• INFORMATION PROVIDED

====

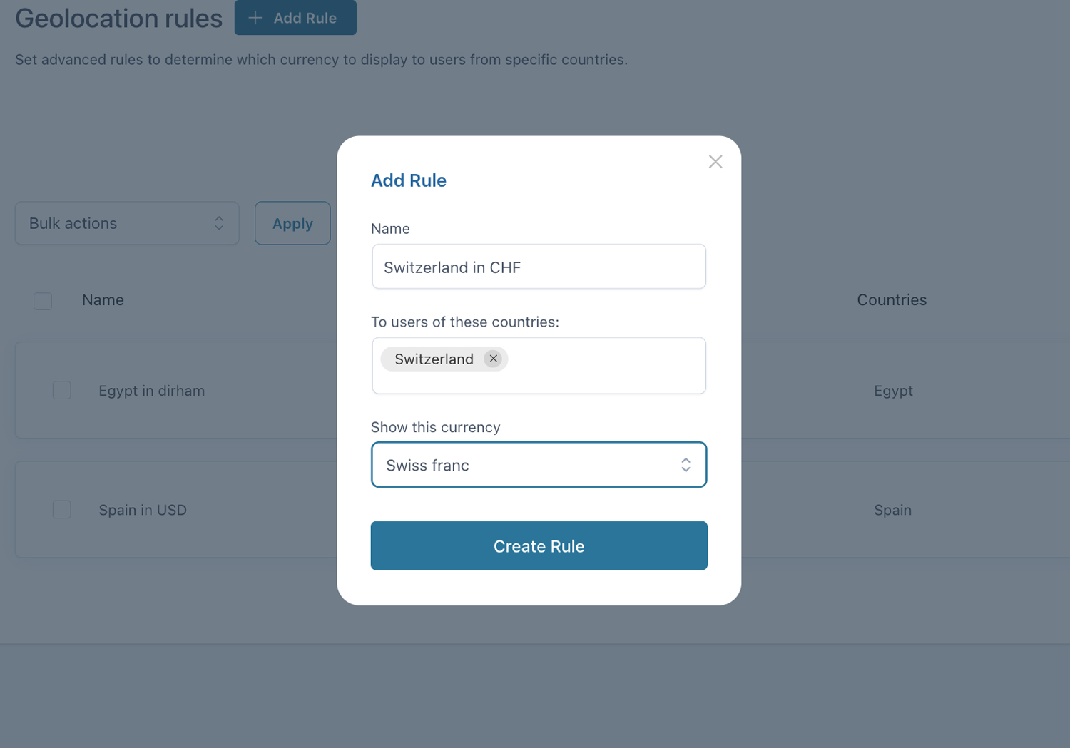 • Create custom rules to set which currencies need to be shown to users from specific countries;
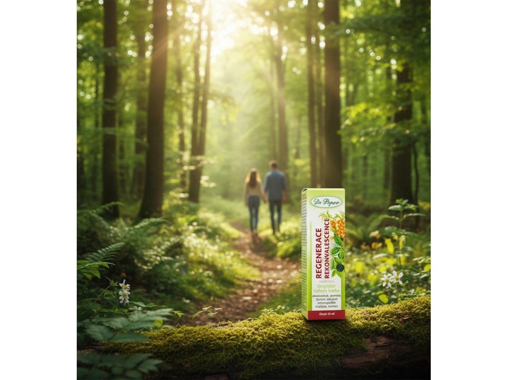 Originální bylinné kapky Dr. Popova Regenerace rekonvalescence obsahují 7 prověřených bylin pro zotavení a znovunabytí sil.
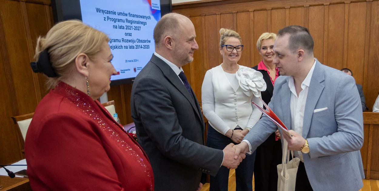 Marszałek Piotr Całbecki spotkał się z samorządowcami i przedsiębiorcami, którzy podpisali w czwartek (28 marca) umowy o dofinansowanie projektów w ramach naszego programu operacyjnego Fundusze Europejskie dla Kujaw i Pomorza (FEdKP) 2021-2027 i Programu Rozwoju Obszarów Wiejskich (PROW). Łączna wartość zakontraktowanego wsparcia to ponad 100 milionów złotych.

====

• EXERCISE REQUIREMENTS
Going from the line with "Originální bylinné kapky" to the last line of the listing, write out each line exactly and nothing else. Leave out all pictures.

• OUTPUT FOR THIS EXERCISE
 Originální bylinné kapky Dr. Popova Regenerace rekonvalescence obsahují 7 prověřených bylin pro zotavení a znovunabytí sil.
 Marszałek Piotr Całbecki spotkał się z samorządowcami i przedsiębiorcami, którzy podpisali w czwartek (28 marca) umowy o dofinansowanie projektów w ramach naszego programu operacyjnego Fundusze Europejskie dla Kujaw i Pomorza (FEdKP) 2021-2027 i Programu Rozwoju Obszarów Wiejskich (PROW). Łączna wartość zakontraktowanego wsparcia to ponad 100 milionów złotych.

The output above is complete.